We take a design-focused approach to problem solving, which means a successful product has already been well crafted by our design team long before myself and the development team begin our contribution. In a hugely unfair generalization, here is how the typical project plays out:
- We consult with the client on scope, budget, etc.
- Design team performs field research and user interviews
- Design team recognizes the problem that the product is intended to solve
- Design team maps out a storyboard based on research and persona testing
- Design team iterates on diagrams and wireframes
- User stories are written and continuously iterated on
- Dev team starts implementation
- Design team produces high-res mockups and style guides
- Design team answers a million questions from dev team about user interactions and state
- Dev team iterates on the stories until a polished solution is produced
Why am I telling you this? To point out how much upfront work is accomplished by the design team at the onset (and throughout) a project’s lifecycle. Knowing the design effort that goes into a project, the dev team is fully committed to being pixel perfect on every implementation. It just wouldn’t be right to leave something omitted or to deliver unpolished work.
Dev & Designer Pairing
Design and UX is fascinating and so important to build product momentum. I love learning about it from the awesome design team here. When the idea was discussed that I pair* with Gigg, I was ecstatic. Not only would she bring her wonderful energy to the pairing station, but I also stood to gain a lot insight into what product design really entails. I know what I like from a product, but I often neglect the general use case.
* We love pair programming, this is my favorite post on the topic
This was pure comedy. We would be ready to start pairing and every day, without fail, the first question I would ask was, “Gigg, where is the terminal!?” It just wasn’t a tool that she routinely used. By pairing, I think she realized some benefits to knowing how to use the computer from the command line.
Other machine customization options were left up to her.
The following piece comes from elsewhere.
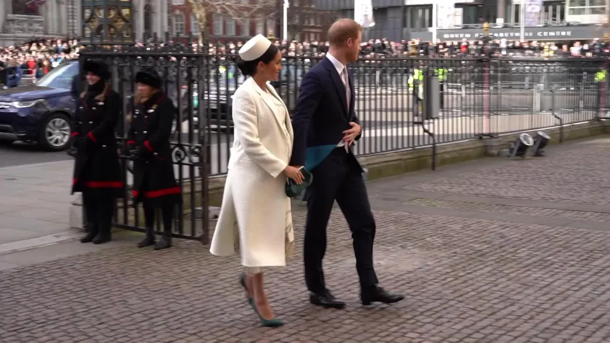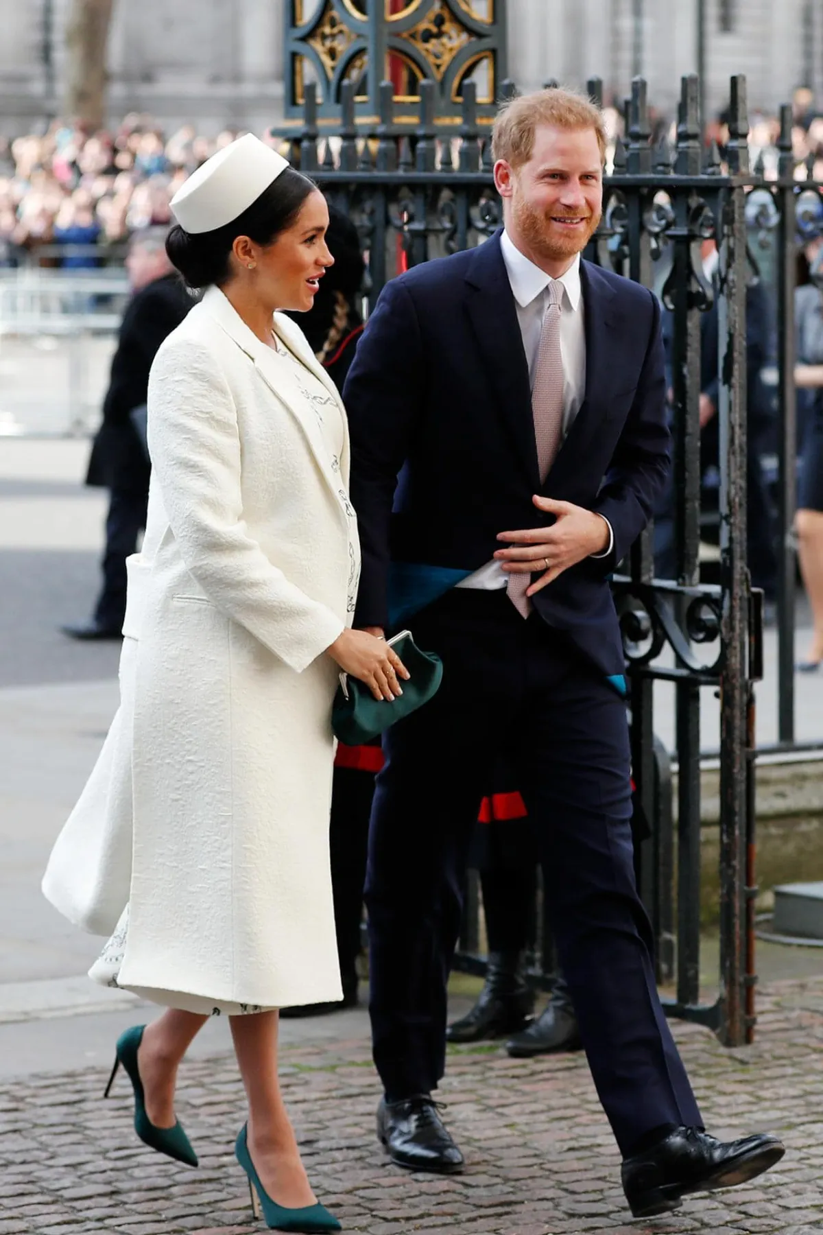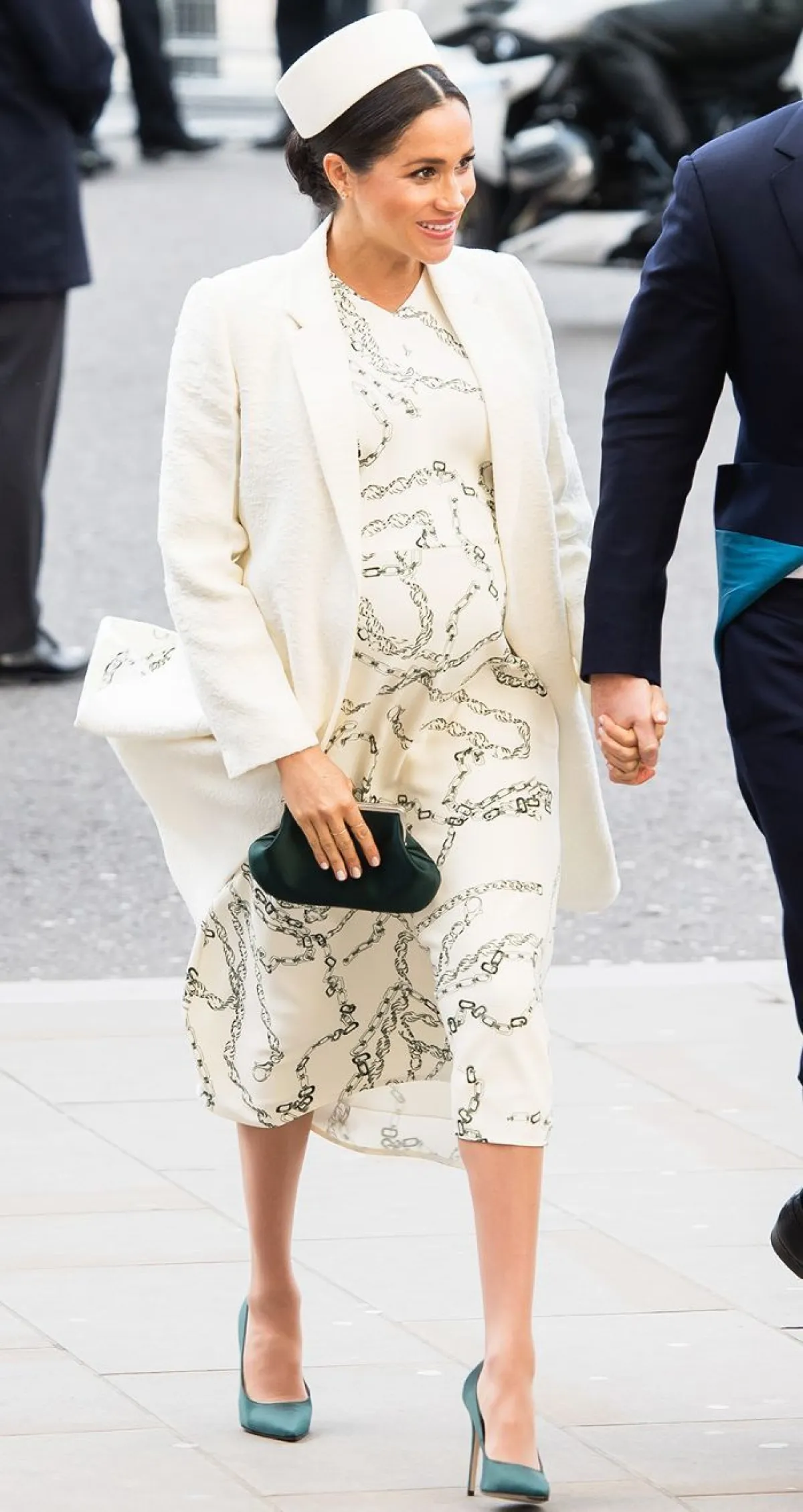 خلال احتفالية الكومنولث، اختارت ميغان ميركل فستان حرير مُطبّعًا بالسلاسل المعدنية على خلفية بيضاء. الفستان بتوقيع دار أزياء فيكتوريا بيكهام، التي أصبحت من المصممين المقربين لأسلوب ميغان ميركل. نسقت معه معطفًا باللون البيج الفاتح، وقبعة مستديرة مستوحاة من أسلوب نساء القصر الملكي، فيما انتعلت زوجًا من أحذية الـ pumpمن جلد الشامواه باللون الأخضر الداكن.

I have my specific key bindings, aliases, and bash profile options, but did not pollute her world with my own craziness. Key mapping CAPS LOCK into CONTROL was the only option I really needed…
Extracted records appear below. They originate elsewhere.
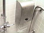 トイレットペーパーを盗めないタイプのホルダーです。JRの駅でよく見かけます。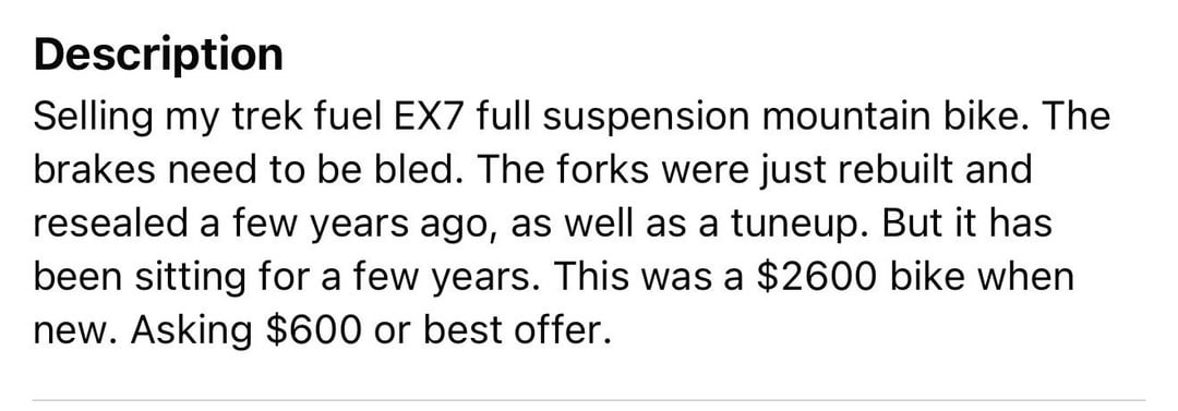 The Trek Fuel EX7 ($500) is the one I’m leaning towards, though it looks like it needs a bit more initial maintenance. I’m trying to identify its year as well—any ideas?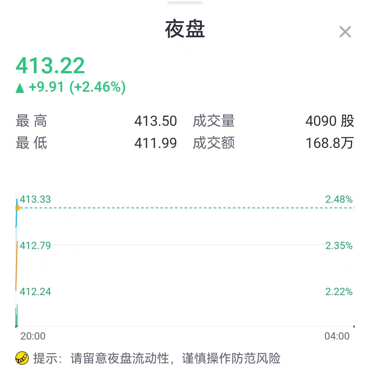本周二(1月14日)美股夜盘时段, 特斯拉 续涨超2%,截至发稿报413.22美元,涨幅2.46%: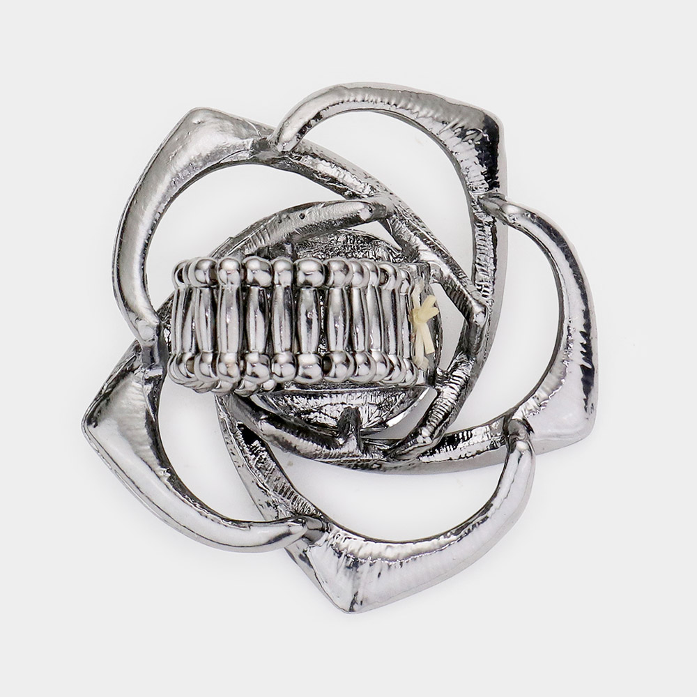 Round Stone Centered Rhinestone Flower Stretch Ring
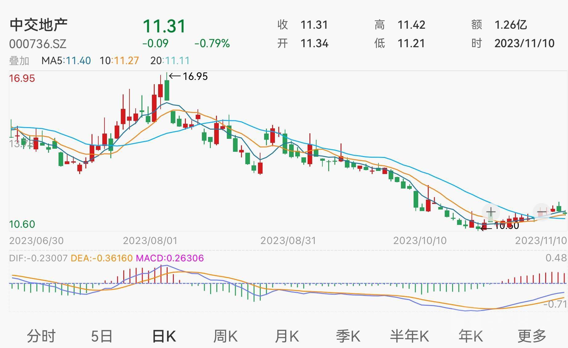 或是受到诉讼案件带来的负面影响,二级市场方面,上述两家A股上市公司的股价皆有不同程度的下滑走势。截至11月10日收盘,原告方中交地产股价报收11.31元,微跌0.79%,成交额为1.26亿元,当前公司总市值约78.65亿元。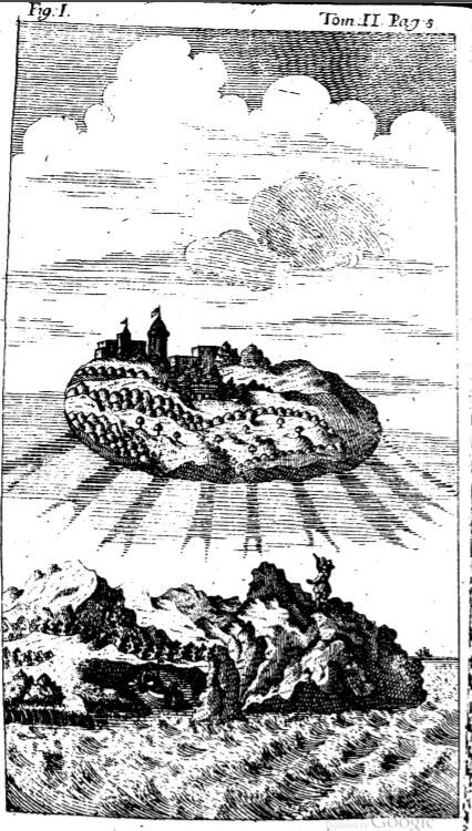 This image depicts the fictional lands of Laputa and Balnibarbi. In the foreground is the water and Balnibarbi on which Gulliver stands, looking through his telescope at the floating island of Laputa. On the island is a castle with rows of trees in front. This image is the same as that in the 1727 German von Wiering edition.

Gigg wrote a lot about setting up our Sass variables in order to maintain consistency. Pairing with her made this process insanely easier. Instead of me having to dig through a bunch of Sketch files* to find out how many different shades of gray were needed, she pretty much nailed it instantly. The designer has a better inventory of the various pages and how shared components are used throughout. We were able to turn that knowledge into simple CSS so anyone joining the project down the road would feel safe doing styles.
As Gigg would perform consistency checks, I would help to validate the designs. Sometimes, the design just doesn’t look the same when it’s loaded up in a browser. Add a little padding there? Bump that font size? Okay! What is the interaction when this button is clicked? Do we change the state on hover? Constantly resizing the screen and ensuring responsiveness was now a shared responsibility. Having a designer as a pair was key to getting these types of questions answered efficiently.
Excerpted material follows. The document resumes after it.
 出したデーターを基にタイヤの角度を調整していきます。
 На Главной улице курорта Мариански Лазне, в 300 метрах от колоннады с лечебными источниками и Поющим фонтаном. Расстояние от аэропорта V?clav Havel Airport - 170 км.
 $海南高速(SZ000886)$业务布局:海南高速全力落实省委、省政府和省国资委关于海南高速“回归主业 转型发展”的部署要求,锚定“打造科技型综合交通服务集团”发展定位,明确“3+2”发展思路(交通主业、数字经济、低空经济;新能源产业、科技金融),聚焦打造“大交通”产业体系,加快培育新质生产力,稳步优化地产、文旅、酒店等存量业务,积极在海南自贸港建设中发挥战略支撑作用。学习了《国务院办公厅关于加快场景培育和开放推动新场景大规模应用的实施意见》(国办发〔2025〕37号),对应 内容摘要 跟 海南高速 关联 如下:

* Biiiiig fan of using Zeplin for implementation. To a developer, the tagline could be “Just like Sketch, but with 10x less clicks”….
Sometimes, a mockup just isn’t enough for me. Those box shadows are quite hard to see, but the designer knows exactly what is needed. Having a second set of eyes on design implementation is definitely a productivity boost.
Our team structure often changes due to project / staffing demands. Another perk of using a dev/design cross-functional pair is that terminology becomes simple, consistent, and aligned accross both sides of the team. We can use an opaque term like “drop header” and the designers and developers know exactly what component is being referenced.
At Tandem(software development company), the team participates in a group project retro once a week. These retros are crucial to our success, as they help us uncover problems, brainstorm on improvements, and keep rocking with what is working. In a retro, I mentioned that I was having trouble tracking all the design tweaks. Mockups were changing quickly and there was not a good way for me to follow the history or track what was left to tackle.
Gigg and I recommended that we try pairing together, the team endorsed the idea — and from there we knocked out the design implementation in less time and with fewer mistakes than usual. I can’t wait until we are able to do this again. We can continue to learn new skills and deliver great products as a team, plus it’s realllllly fun to pair with Gigg.